Hyunju Yang 1, Soyoung Lee 1, Jung-woo Chae 1,2, Hwi-yeol Yun 1,2, Taeheon Kim 3, Woojin Jung 4
1 College of Pharmacy, Chungnam National University (, Republic of Korea), 2 Department of Bio-AI convergence, Chungnam National University (, Republic of Korea), 3 Life Science Institute, Daewoong Pharmaceutical (, Republic of Korea), 4 Graduate School of Clinical Pharmacy, CHA University (, Republic of Korea)
Introduction: Niclosamide has demonstrated potent broad-spectrum antiviral activity against respiratory viruses, including SARS-CoV-2 and influenza [1, 2], but exhibits poor oral bioavailability due to low aqueous solubility and extensive hepatic metabolism via CYP1A2 and UGT1A1 [3]. Intranasal delivery may enable local protection directly at the portal of infection [4]; however, the highly vascularized nasal mucosa may also lead to unintended systemic absorption [5]. To address this, a physiologically based pharmacokinetic (PBPK) model incorporating an explicit nasal mucosa compartment was developed to predict drug exposure in the nasal mucosa and epithelial lining fluid (ELF), supporting dose optimization for local antiviral efficacy while minimizing systemic exposure [6, 7, 8].
Objectives:
– To develop a physiologically based pharmacokinetic model for nasal administration of niclosamide and evaluate its performance against in vivo pharmacokinetic data.

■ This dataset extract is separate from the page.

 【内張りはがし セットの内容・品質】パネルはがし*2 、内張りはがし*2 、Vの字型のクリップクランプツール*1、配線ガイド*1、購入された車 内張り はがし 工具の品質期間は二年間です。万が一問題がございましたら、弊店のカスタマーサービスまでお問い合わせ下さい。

– To apply the model to predict human target-site exposure and assess whether local drug application leads to significant systemic exposure.

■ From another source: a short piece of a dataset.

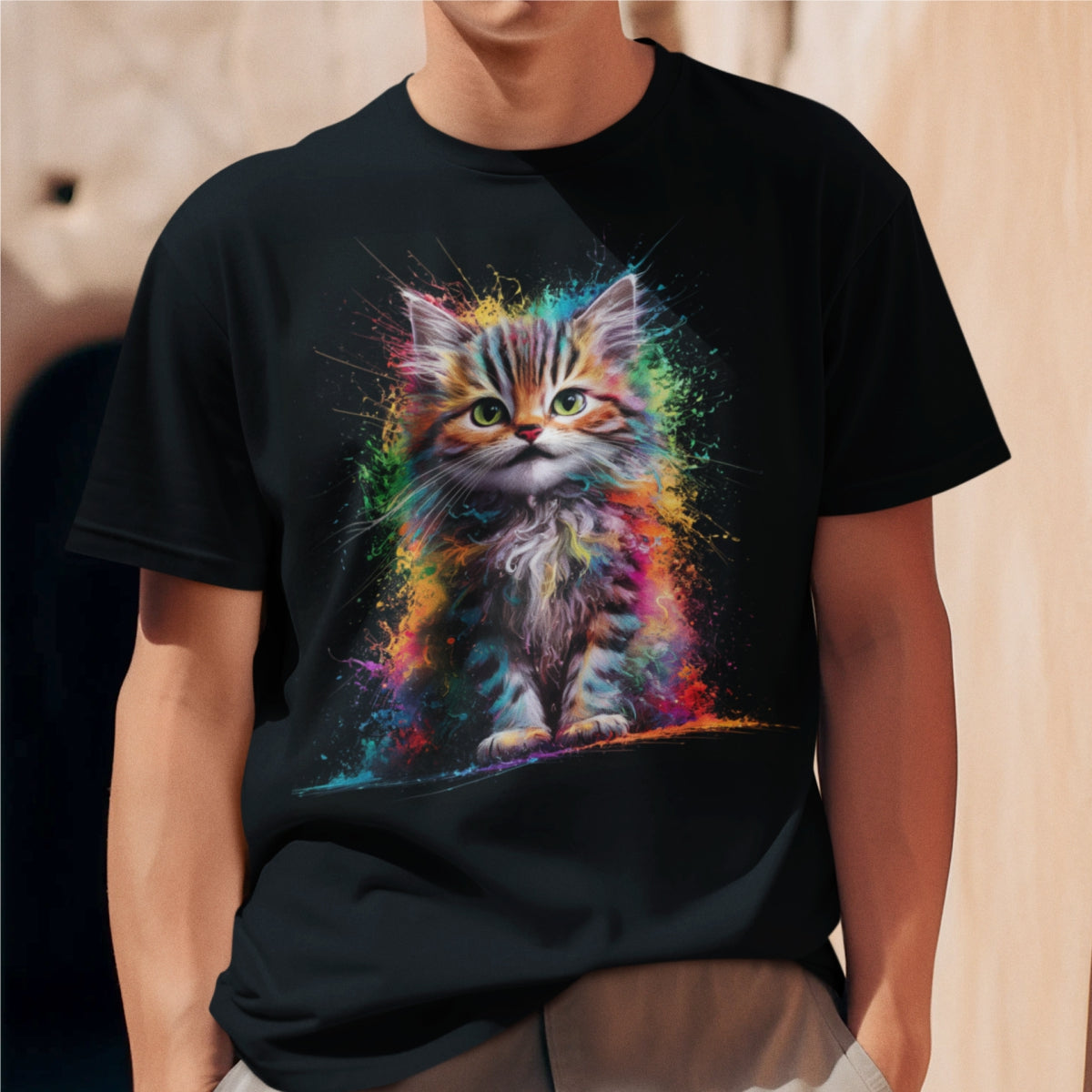 Czarna koszulka "Kotek w kolorach"

Methods: The development of the nasal physiologically based pharmacokinetic model for niclosamide was performed using PK-Sim® and MoBi®. In vivo pharmacokinetic data were obtained in male Sprague–Dawley rats (n = 5 per group) following intravenous (1 mg/kg), oral (5 mg/kg), and intranasal solution administration (0.5 and 1 mg/kg). Physicochemical properties obtained from literature and in vivo data. Regarding the liver metabolic parameters, rat values were estimated by fitting the model to in vivo data, whereas human values were retrieved directly from the literature [9, 10]. Model performance was comprehensively evaluated using geometric mean fold error (GMFE) for AUC and Cmax, goodness-of-fit plots, and visual predictive checks (VPCs).

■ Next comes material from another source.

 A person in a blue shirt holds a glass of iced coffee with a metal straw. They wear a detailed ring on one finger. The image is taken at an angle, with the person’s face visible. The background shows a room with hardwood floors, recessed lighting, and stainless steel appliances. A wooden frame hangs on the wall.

Results: The nasal mucosa compartment was structurally based on the four-compartment architecture used in PK-Sim®, comprising epithelial lining fluid (ELF), intracellular, interstitial, and vascular sub-compartments. In the absence of nasal mucosa-specific physiological parameters, tissue composition ratios were derived from intestinal mucosa as a surrogate reference. Within this structure, the ELF compartment functions as a depot, from which drug transfer can occur via two pathways: transcellular transport into the intracellular space and paracellular transport directly into plasma. However, given the lack of direct experimental evidence supporting paracellular absorption for niclosamide in the nasal mucosa, only the transcellular pathway was implemented in the final model. The developed model successfully described the PK profiles, with geometric mean fold errors (GMFEs) of 2.16 for AUC and 2.49 for Cmax. The model predictions aligned with the observations closely in the goodness-of-fit (GOF) plots. In the population simulation, visual predictive checks (VPC) demonstrated that the model prediction intervals adequately encompassed the observed concentrations over time. Human simulations predicted nasal mucosa and ELF drug exposure across QD, BID, and TID dosing regimens. The predicted Cpeak was consistent across all regimens at 0.325 nmol/L in the nasal mucosa and 0.080 nmol/L in the ELF. In contrast, predicted systemic exposure was negligible, remaining in the picomolar range. These predictions enabled quantitative evaluation of the target-site versus systemic exposure trade-off following intranasal niclosamide administration.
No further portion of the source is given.